## AIM OF THE EXERCISE
From the line that holds "особая система систематизированных" to the end of the records, reproduce every line exactly. No pictures.

╭─ EXCERPTED RECORDS

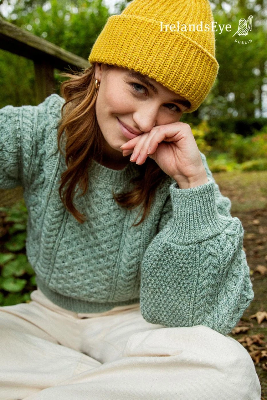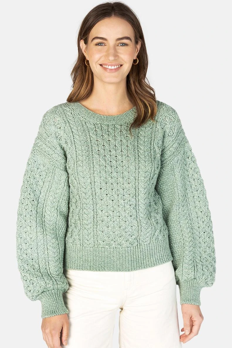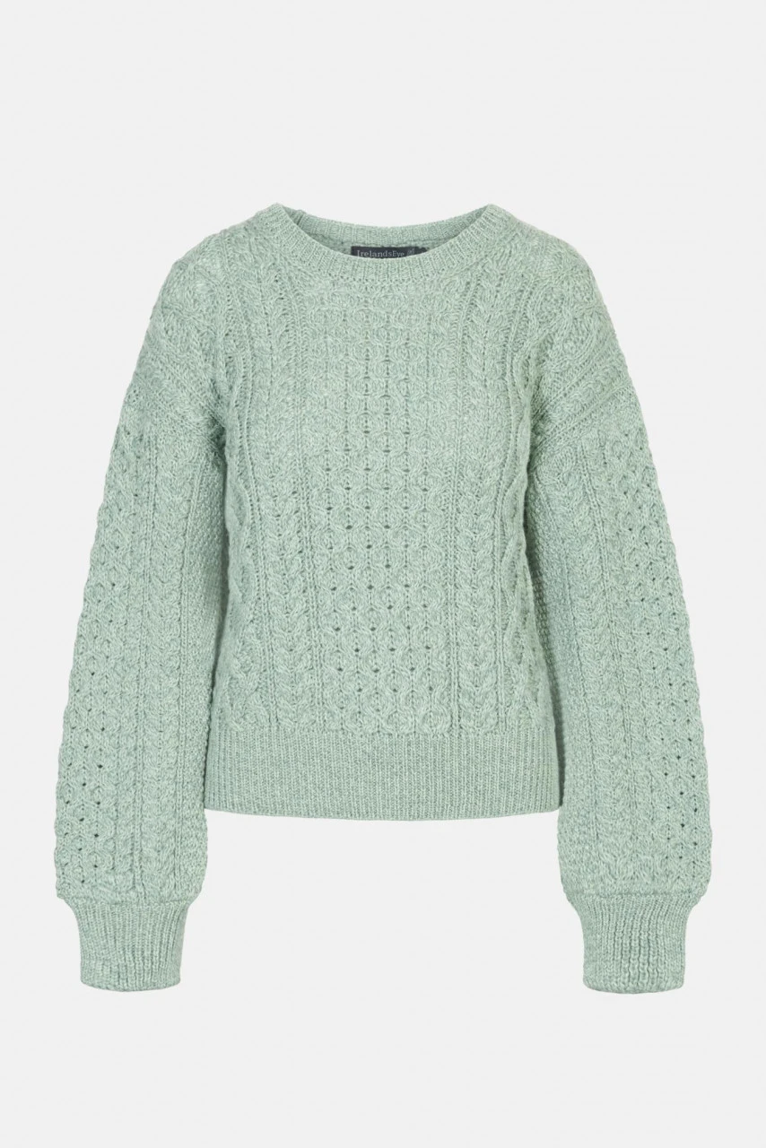 IrelandsEye Aran Honeysuckle Hell Grün Kurzer Damen Pullover Sage Marl
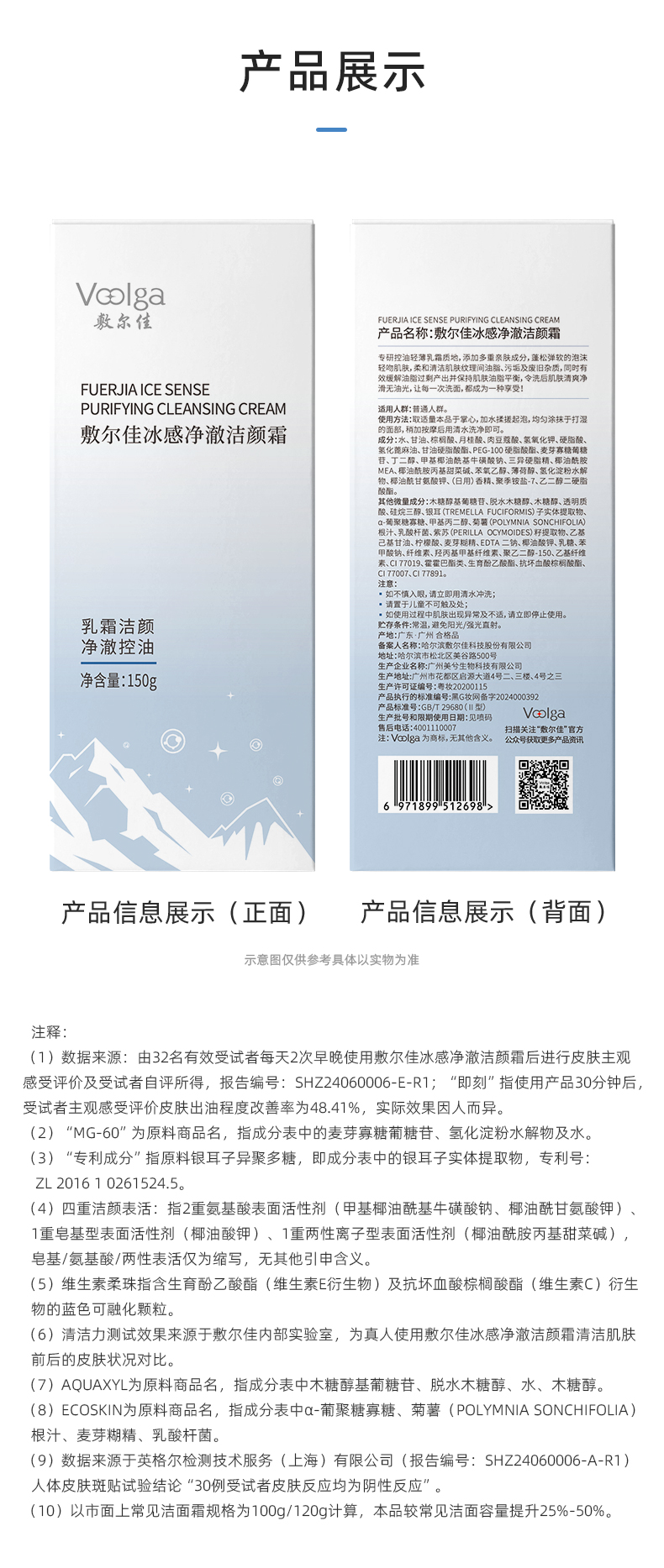 敷尔佳冰感净澈洁颜霜 30g/150g支
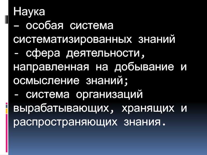 Наука  – особая система систематизированных знаний - сфера деятельности, направленная на добывание и осмысление знаний; -
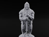 Clad in simple work clothes and a practical hood, this weathered peasant grips his wooden staff with calloused hands. His sturdy build and resolute stance speak of a lifetime of hard labor and simple determination. Whether defending his village or joining an unlikely adventure, he brings the quiet strength of common folk to any campaign.
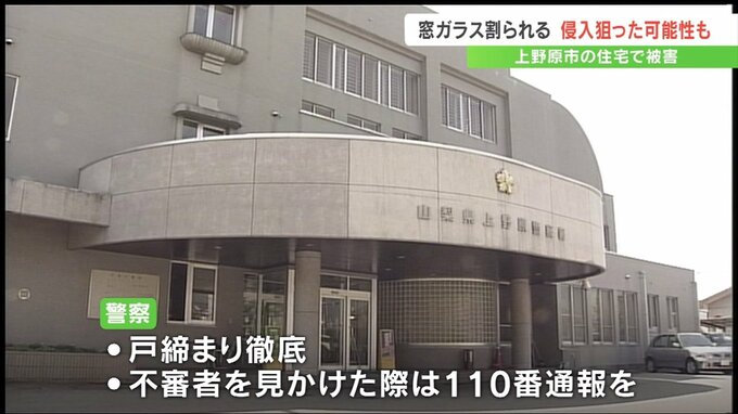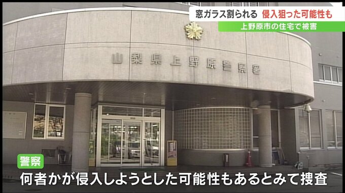 山梨県上野原市の住宅で窓ガラスが割られる被害があり、警察は何者かが侵入しようとした可能性もあるとみて調べています。
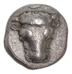 CENTRAL GREECE, Phocis, (457-446 B.C.), silver triobol, (2.88 g), obv. bull's head facing, rev. archaic ...
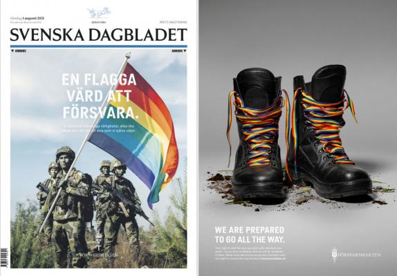 Försvarsmakten czyli Szwedzkie Siły Zbrojne szeroko rozpowszechniały, gdzie tylko mogły, hasła solidarności z niezrównoważonymi mentalnie osobnikami głoszącymi ideologie LGBTQ. Hasła powtarzane w mediach społecznościowych armii szwedzkiej głosiły między innymi : "Nie zawsze maszerujemy prosto" (czyli że zbaczamy) oraz "Oto flaga, której warto bronić" (a flaga jest tęczowa).
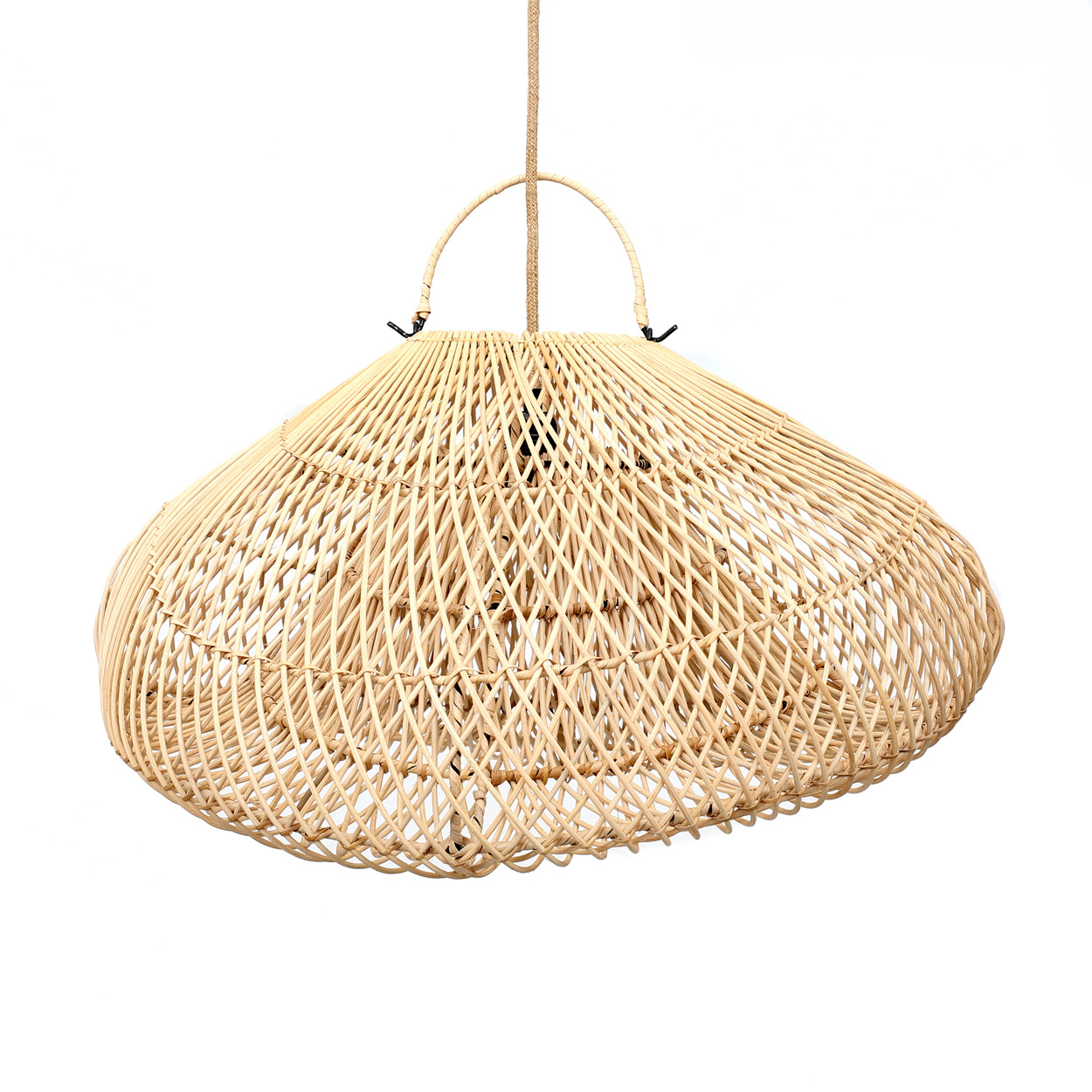 Progettata come una grande lampada in rattan naturale, la sua trama ariosa crea profondità scultorea mantenendo una leggerezza visiva. Perfetta per ambienti costieri, bohémien o moderni in cerca di calore artigianale ed eleganza naturale.

╰─

## SOLUTION BELOW
 Наука  – особая система систематизированных знаний - сфера деятельности, направленная на добывание и осмысление знаний; -
 Clad in simple work clothes and a practical hood, this weathered peasant grips his wooden staff with calloused hands. His sturdy build and resolute stance speak of a lifetime of hard labor and simple determination. Whether defending his village or joining an unlikely adventure, he brings the quiet strength of common folk to any campaign.
 山梨県上野原市の住宅で窓ガラスが割られる被害があり、警察は何者かが侵入しようとした可能性もあるとみて調べています。
 CENTRAL GREECE, Phocis, (457-446 B.C.), silver triobol, (2.88 g), obv. bull's head facing, rev. archaic ...
 Försvarsmakten czyli Szwedzkie Siły Zbrojne szeroko rozpowszechniały, gdzie tylko mogły, hasła solidarności z niezrównoważonymi mentalnie osobnikami głoszącymi ideologie LGBTQ. Hasła powtarzane w mediach społecznościowych armii szwedzkiej głosiły między innymi : "Nie zawsze maszerujemy prosto" (czyli że zbaczamy) oraz "Oto flaga, której warto bronić" (a flaga jest tęczowa).
 Progettata come una grande lampada in rattan naturale, la sua trama ariosa crea profondità scultorea mantenendo una leggerezza visiva. Perfetta per ambienti costieri, bohémien o moderni in cerca di calore artigianale ed eleganza naturale.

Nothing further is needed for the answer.